■ PROBLEM TO WORK ON ■
Work out how many lines of the data below hold the string "Morez". Answer with that number alone.

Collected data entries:
# # # # #

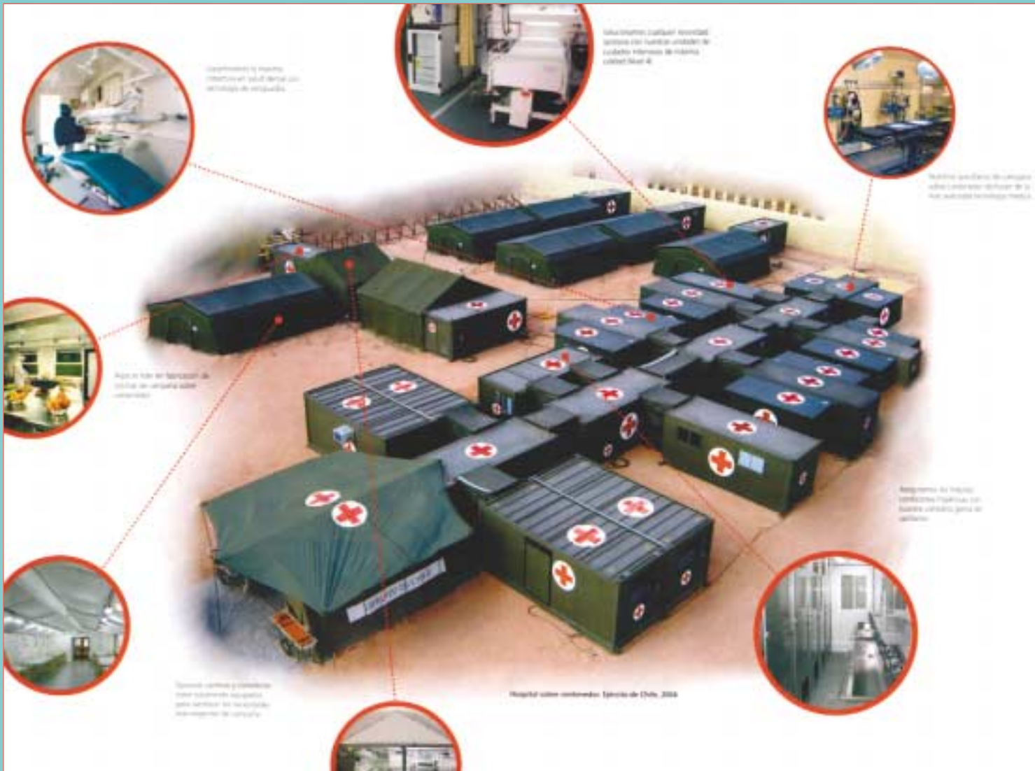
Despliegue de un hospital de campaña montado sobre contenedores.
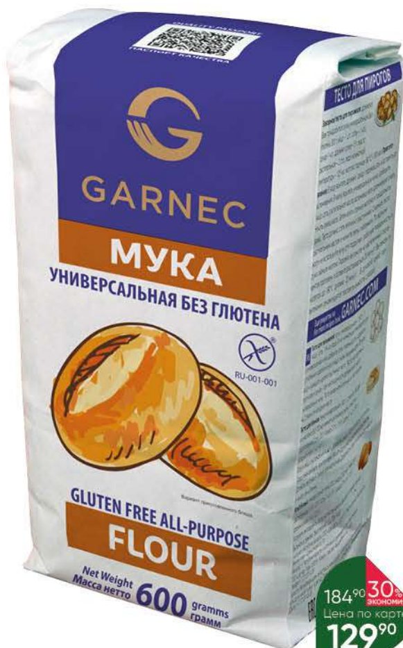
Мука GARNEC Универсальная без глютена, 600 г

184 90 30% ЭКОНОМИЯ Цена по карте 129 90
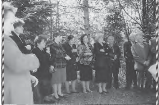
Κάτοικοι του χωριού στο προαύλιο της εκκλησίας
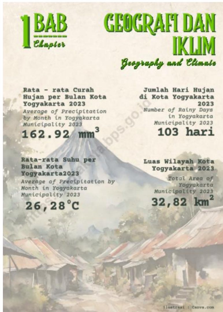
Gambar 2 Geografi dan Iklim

# # # # #

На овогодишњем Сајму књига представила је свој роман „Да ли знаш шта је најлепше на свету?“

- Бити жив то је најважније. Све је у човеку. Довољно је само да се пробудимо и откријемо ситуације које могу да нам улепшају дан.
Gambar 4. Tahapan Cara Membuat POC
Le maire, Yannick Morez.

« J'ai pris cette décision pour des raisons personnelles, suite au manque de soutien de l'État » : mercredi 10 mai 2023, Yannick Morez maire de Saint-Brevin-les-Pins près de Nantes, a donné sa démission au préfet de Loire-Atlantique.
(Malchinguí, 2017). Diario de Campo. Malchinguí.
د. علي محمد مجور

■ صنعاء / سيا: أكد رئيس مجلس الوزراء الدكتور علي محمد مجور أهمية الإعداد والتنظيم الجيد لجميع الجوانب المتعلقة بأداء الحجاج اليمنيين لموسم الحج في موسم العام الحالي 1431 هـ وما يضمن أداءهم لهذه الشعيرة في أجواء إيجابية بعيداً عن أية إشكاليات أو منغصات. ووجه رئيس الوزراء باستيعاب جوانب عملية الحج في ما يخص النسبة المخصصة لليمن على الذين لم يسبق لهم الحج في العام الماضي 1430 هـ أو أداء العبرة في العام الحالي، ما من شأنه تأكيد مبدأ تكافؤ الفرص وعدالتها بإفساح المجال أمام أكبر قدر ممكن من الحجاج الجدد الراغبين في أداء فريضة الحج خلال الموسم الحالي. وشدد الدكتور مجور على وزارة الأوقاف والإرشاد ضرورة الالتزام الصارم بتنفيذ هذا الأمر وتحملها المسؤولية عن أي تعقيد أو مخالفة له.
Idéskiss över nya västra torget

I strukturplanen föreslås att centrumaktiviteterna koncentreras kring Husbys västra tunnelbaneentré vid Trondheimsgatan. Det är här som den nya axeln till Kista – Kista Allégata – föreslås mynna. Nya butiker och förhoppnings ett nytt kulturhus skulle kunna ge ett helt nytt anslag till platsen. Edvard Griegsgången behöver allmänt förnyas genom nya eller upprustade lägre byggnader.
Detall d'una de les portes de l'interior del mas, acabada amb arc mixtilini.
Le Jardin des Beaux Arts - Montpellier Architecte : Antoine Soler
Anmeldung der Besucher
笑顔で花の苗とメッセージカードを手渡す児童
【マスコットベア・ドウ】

# # # # #

■ WRITTEN ANSWER ■
2